Elektrodların takılı olduğu Makak Maymunlarını içeren araştırmalardan ayna nöronlarla ilgili direk kanıt gelmeye devam ediyor. Hayvanlarda yapılan deneylerin üzerine inşa eden araştırmacılar insanlarda da olası bir ayna nöron “sistemi”ni ortaya çıkaran beyin görüntüleme çalışmaları yürüttüler. Birkaç ana tespit yapıldı. Bunlardan birisi ayna nöronların diğer insanların niyetleriyle beraber hareketlerini de saptamamıza imkan verdikleri görülüyor. Ayna nöron sistemi öyle görünüyor ki yüz ifadelerinin kodunu da çözmemize (algılama ve yorumlama) imkan sağlıyor. Belirli bir yüz ifadesini gözlemlerken veya onu kendi kendimize yaparken beynimizin aynı bölgeleri harekete geçiyor. Ve yüz ifadelerini yorumlamada ne kadar iyiysek ayna nöron sistemimiz de o kadar fazla aktiftir.
Duyguları çoğunlukla yüz ifadeleri yoluyla ilettiğimizden dolayı bu tespitler ayna nöron sisteminin diğerleriyle sosyalleşme ve empati kurma yeteneğinde anahtar rol oynadığından bahsediyor. Ve gerçekten otizmli kişilerin – bir kısmı sosyal etkileşimdeki problemlerle tanımlanan rahatsızlık – işlemeyen bir ayna nöron sistemi olduğu görülüyor. Otizmin semptomları ne kadar ağır olursa ayna nöron sistemi o kadar az çalışıyor. Araştırmalar otizmli çocukların diğerlerini izleyerek niyetlerini anlamada zorluk yaşıyorlar. Diğerlerinin ne yaptığına karar vermek için nesne anlamına veya hareketin uygulandığı bağlama güveniyorlar. Bu eksiklikle başa çıkmak için taklit davranışları denemeleri yapılıyor. Benzer taklit eğitim teknikleri motor becerileri felç veya başka bir beyin hasarı tarafından zarar görmüş insanları rehabilite etmek için de keşfediliyor.

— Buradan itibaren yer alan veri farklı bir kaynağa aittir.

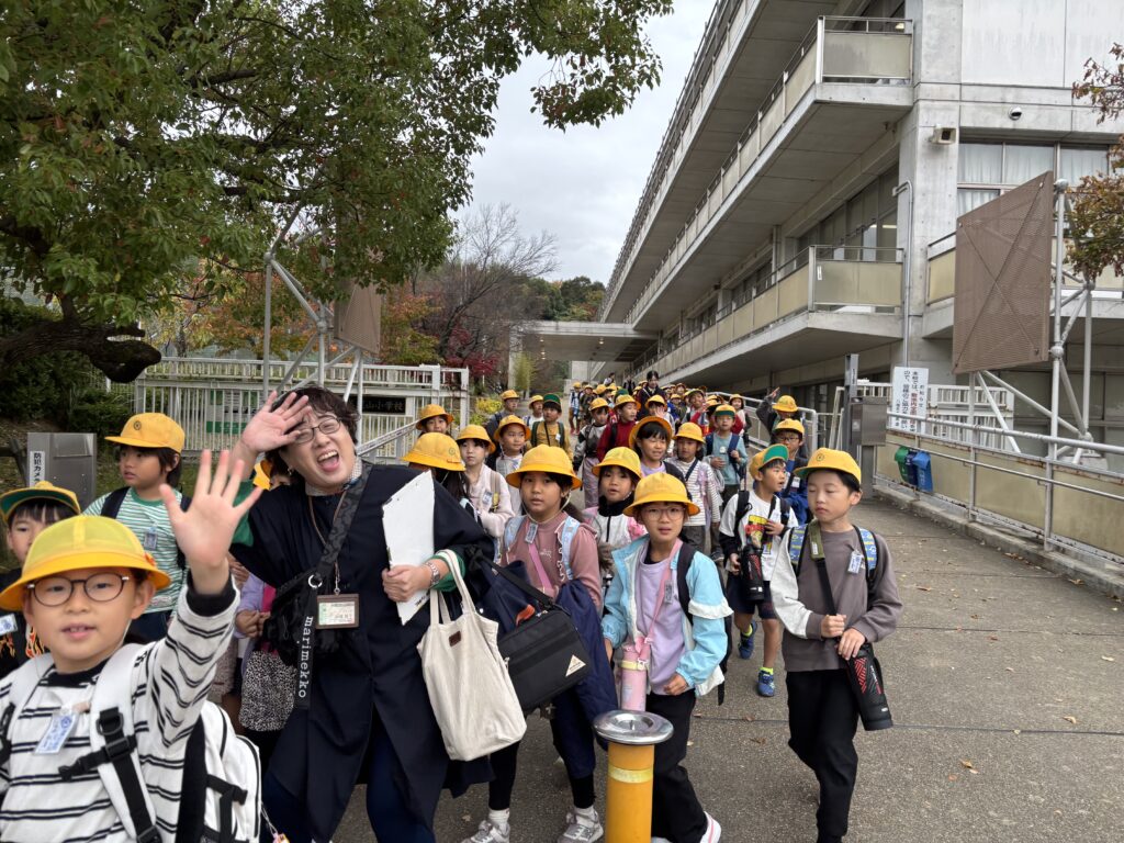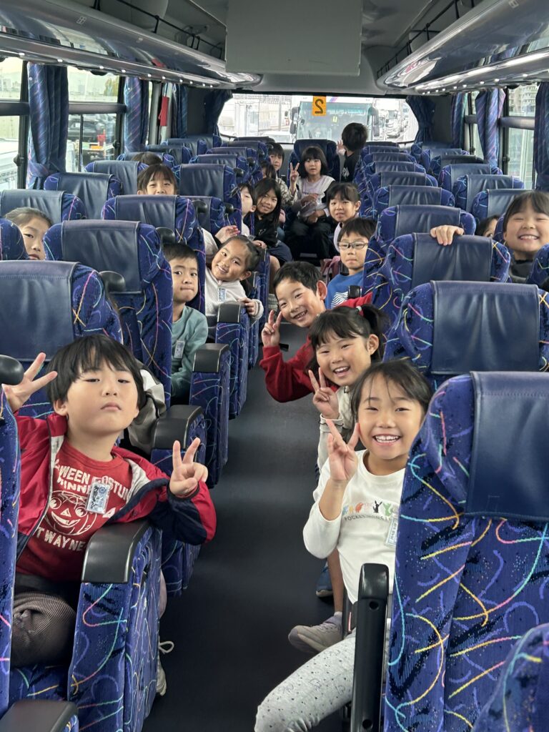 今日は2年生の校外学習です。お天気は曇りでしたが、子どもたちは元気よく出発しました。
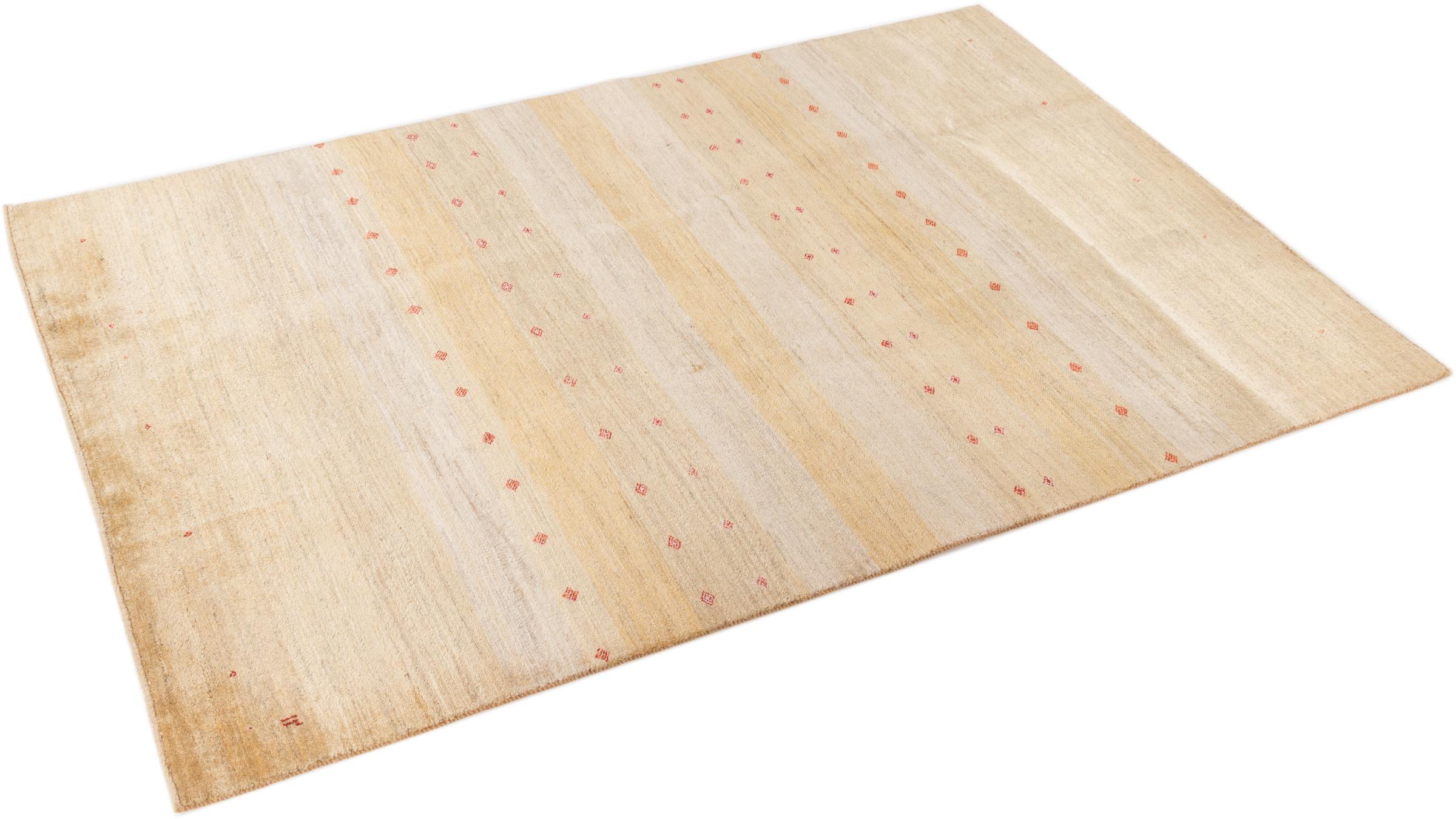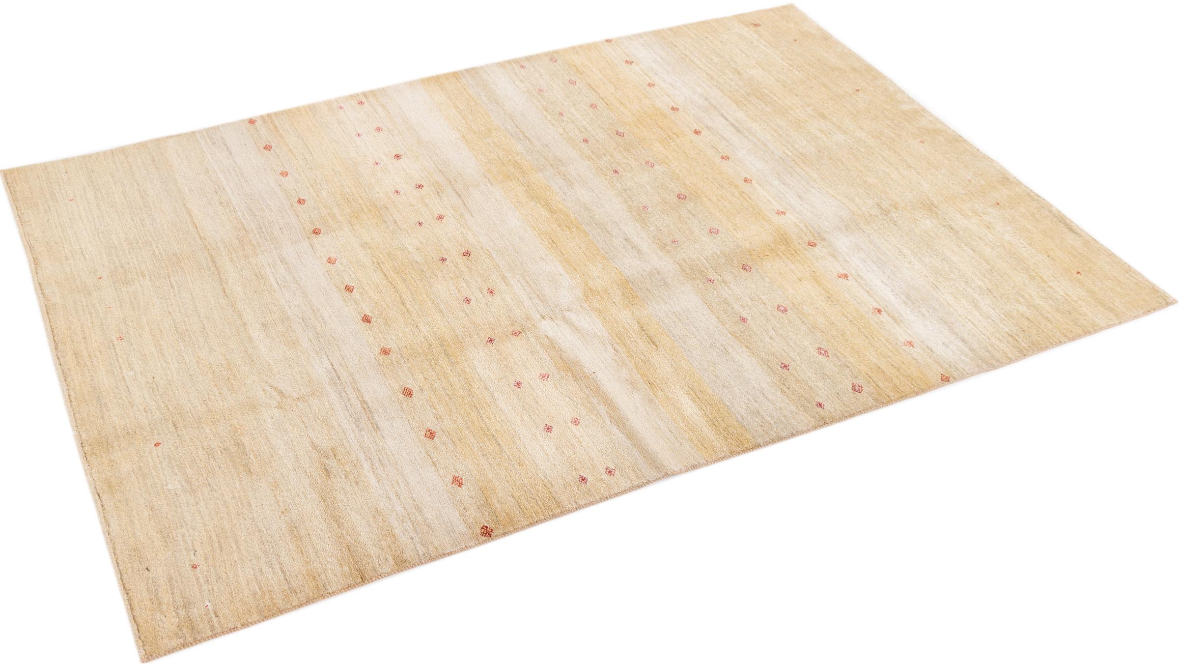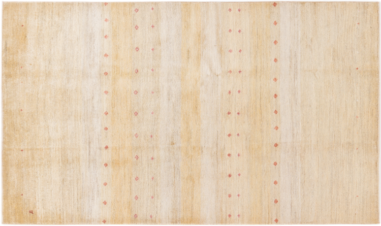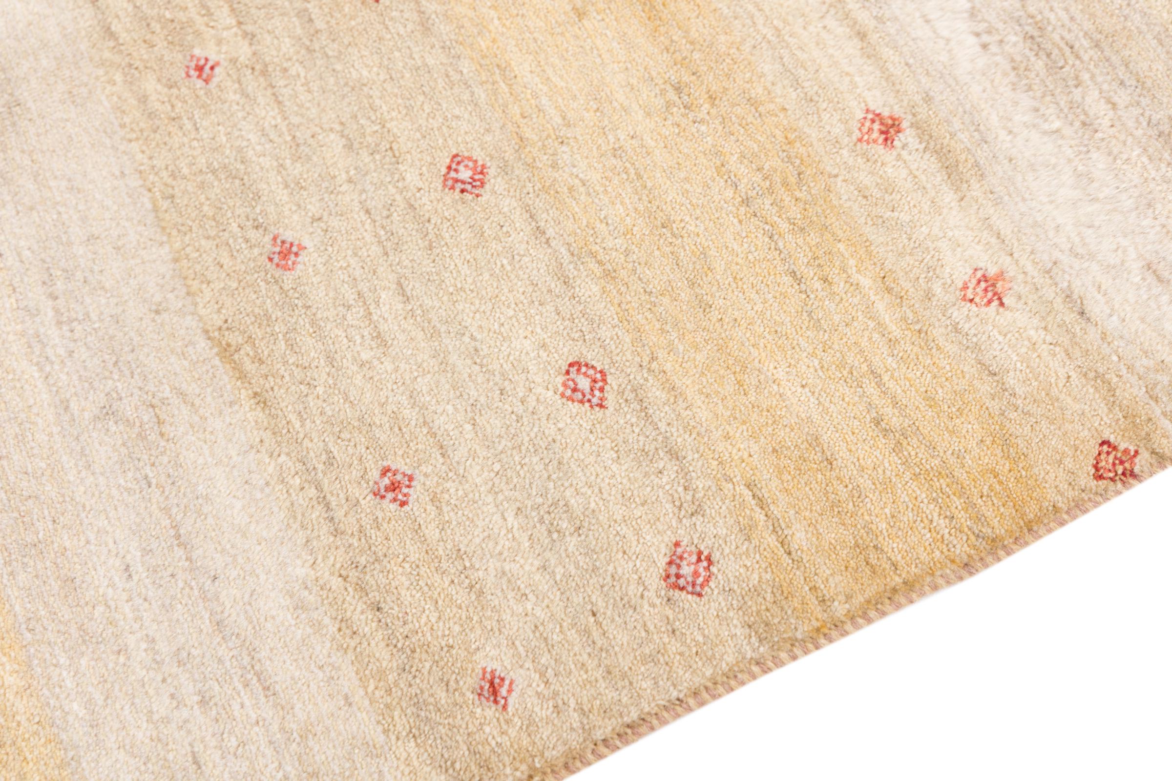 This beautiful rug is a Persian Gabbeh, one of the highest quality Gabbeh rugs available. These rugs are hand-knotted by nomads or semi-nomads in Iran using traditional artisan techniques. The simple motifs and patterns are often inspired by the nomads' immediate surroundings, featuring elements like camels, trees, or bushes. Persian Gabbeh carpets are made from wool sourced from locally raised sheep herds, with the wool typically spun by hand. Thus each of these Oriental rugs thus embodies a unique character steeped in centuries-old culture.
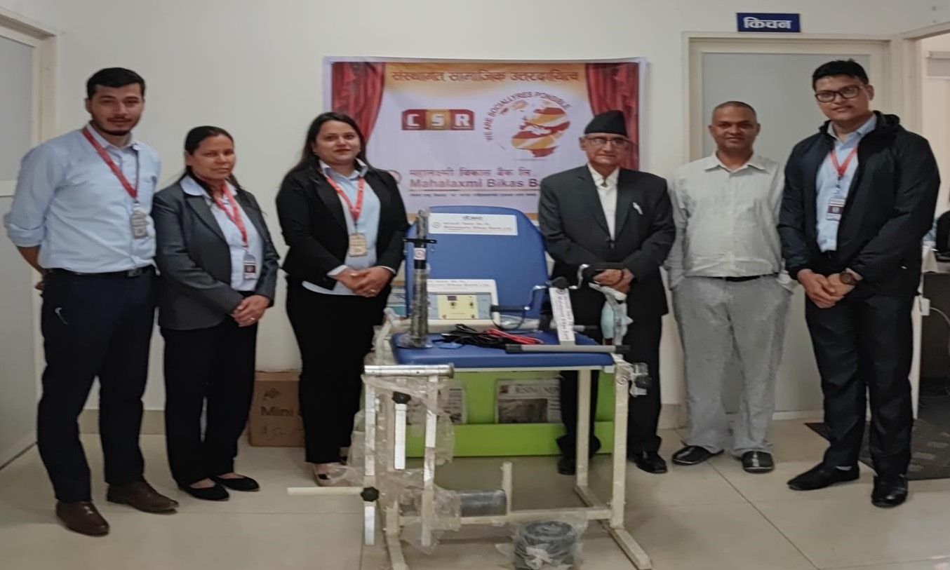 काठमाडौं । महालक्ष्मी विकास बैंक लिमिटेडको भाटभटेनी शाखाले संस्थागत सामाजिक उत्तरदायित्व कार्यक्रमअन्तरर्गत नक्साल, काठमाडौंमा अवस्थित नेपाल बाल संगठनलाई फिजियोथेरापी उपकरण हस्तान्तरण गरेको छ ।

Diğer ilginç ayna nöron araştırmaları arasında karmaşık el hareketlerinin cümle kurarken kullanılan karmaşık dil ve dudak hareketleriyle aynı beyin dolaşımlarını harekete geçirdiğinin keşfidir. Bazı bilimadamları bu tesbitlerin konuşma dilinin el hareketlerinin evrimiyle oluştuğunu öne sürdüğüne inanıyorlar.
Ayna nöronlar iletişim ve empatinin temelini oluşturur mu? Bunun saptanması için zaman var. Fakat bu karmaşık ve yaygın sinirsel sistemin araştırılması sosyal beceriler kazanma ve en içten duygularımızı ve niyetlerimizi diğerlerine iletme mekanizmalarıyla ilgili olağanüstü ilgi çekici yeni içgörü sağlıyor.